** Supplied data follows **

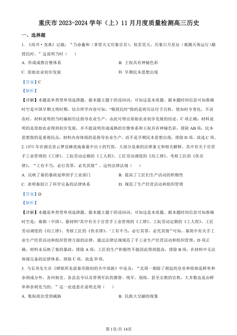 重庆市缙云教育联盟2023-2024学年高三上学期11月月考历史(精品解析版)
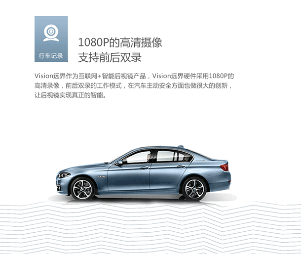 Vision遠界作為互聯(lián)網(wǎng)+智能后視鏡產(chǎn)品,硬件上采用了1080p的高清錄像,前后雙錄的工作模式,可以對當前行駛車輛的前后視頻同步高清錄影,無論前車碰撞或后車追尾,都能清晰拍攝到牌照,對突發(fā)的交通事故可提供有效的視頻證據(jù)。
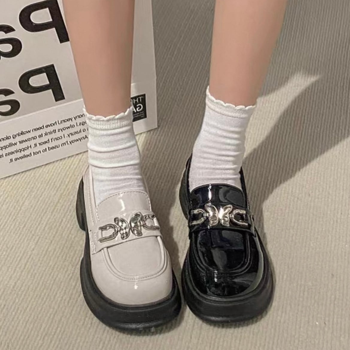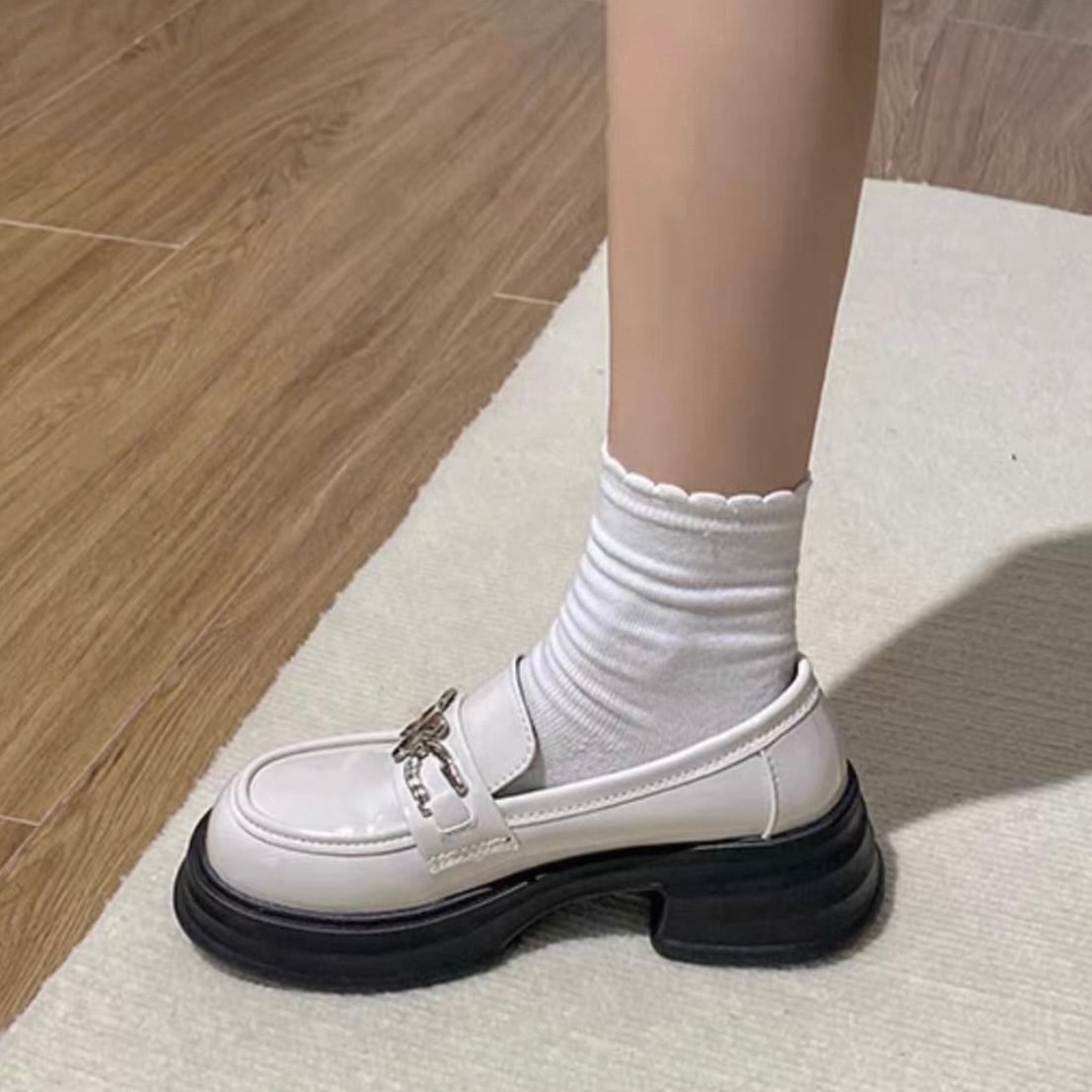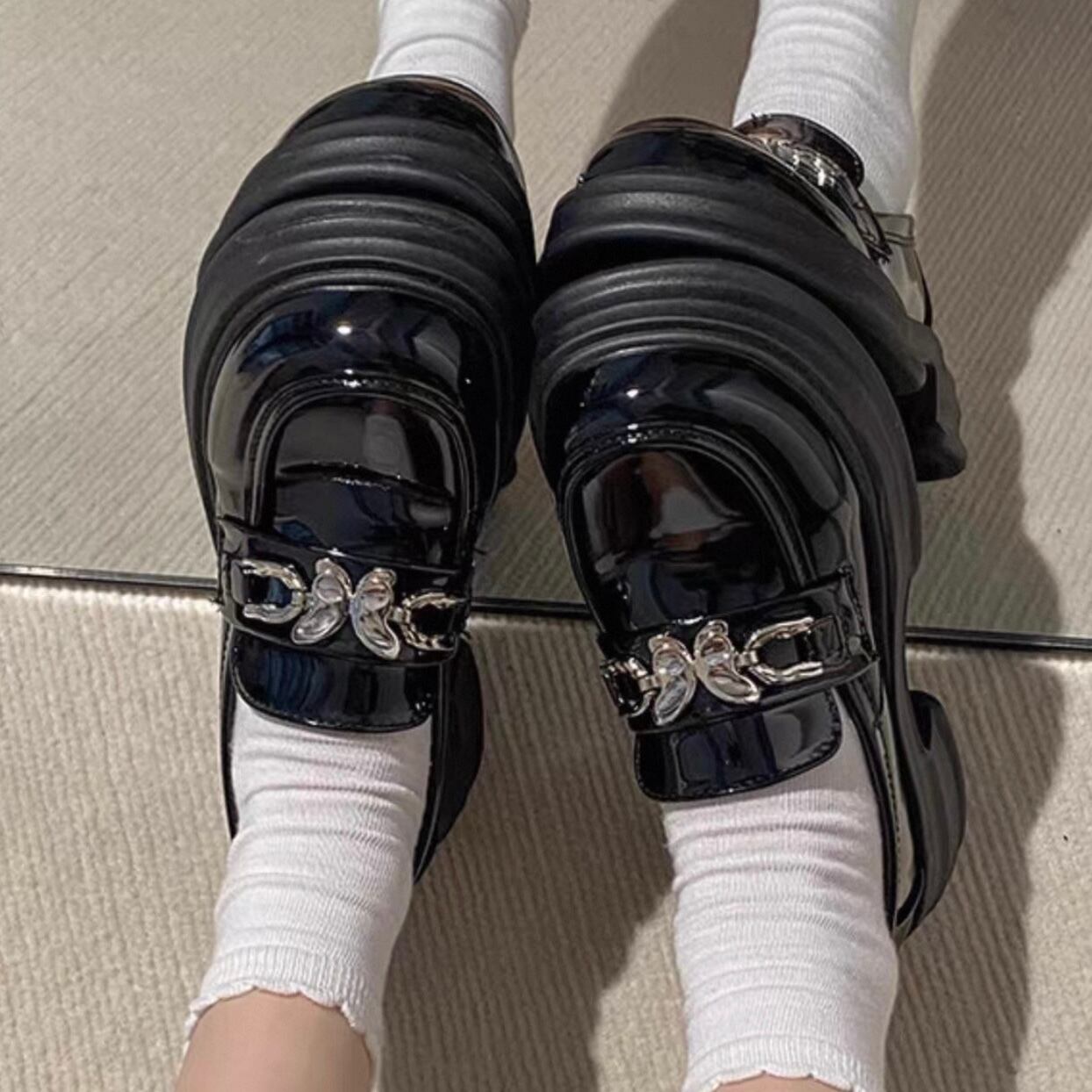 【shoes】2色レトロ風レディースレザーシューズ HK4567
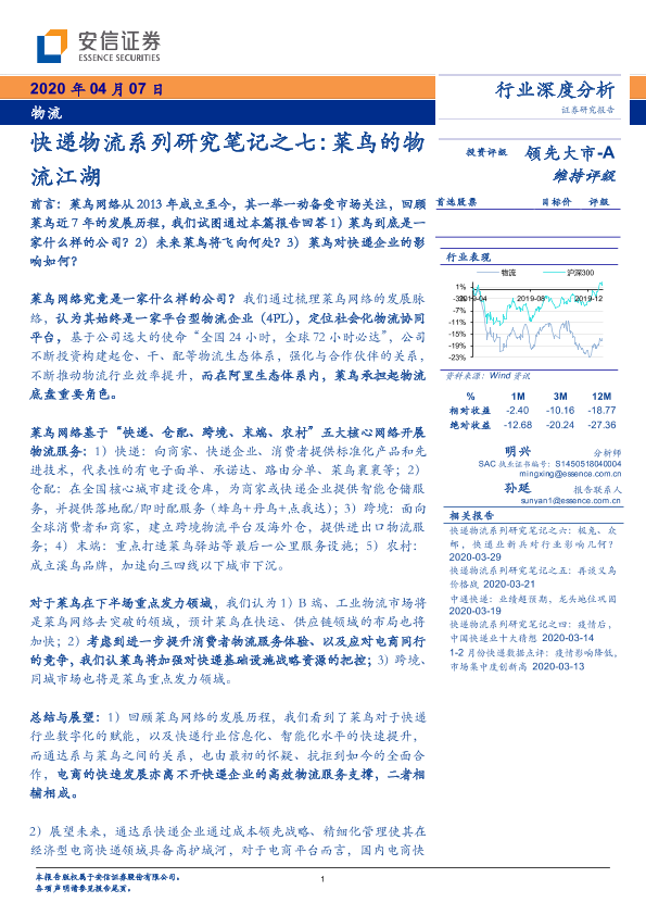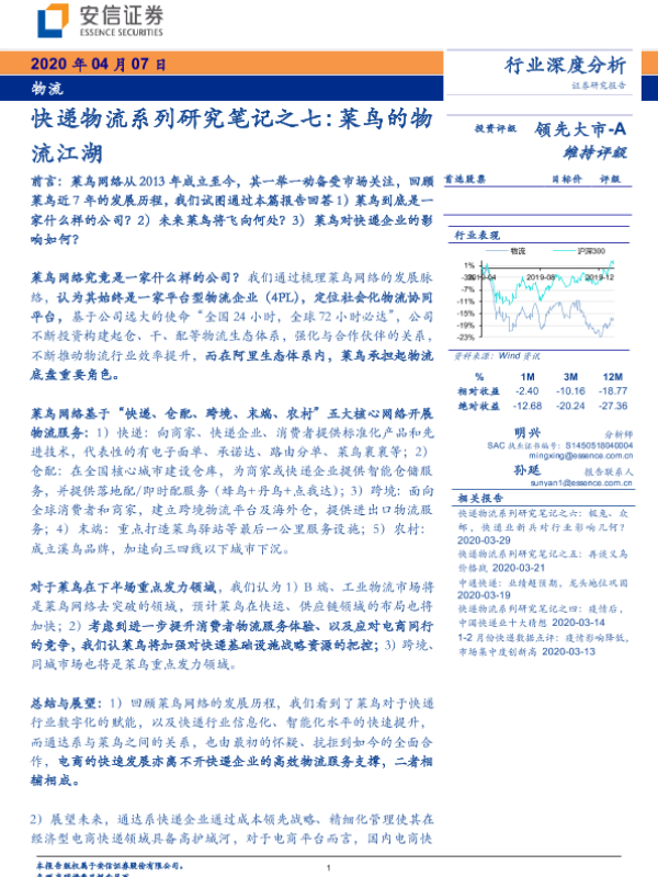【安信证券】【20200407】快递物流系列研究笔记之七:菜鸟的物流江湖-23页

** End of Supplied data **

> Problem: Copy the full listing above exactly, apart from the pictures.

> Output of the exercise:
 重庆市缙云教育联盟2023-2024学年高三上学期11月月考历史(精品解析版)
 Vision遠界作為互聯(lián)網(wǎng)+智能后視鏡產(chǎn)品,硬件上采用了1080p的高清錄像,前后雙錄的工作模式,可以對當前行駛車輛的前后視頻同步高清錄影,無論前車碰撞或后車追尾,都能清晰拍攝到牌照,對突發(fā)的交通事故可提供有效的視頻證據(jù)。
 【shoes】2色レトロ風レディースレザーシューズ HK4567
【安信证券】【20200407】快递物流系列研究笔记之七:菜鸟的物流江湖-23页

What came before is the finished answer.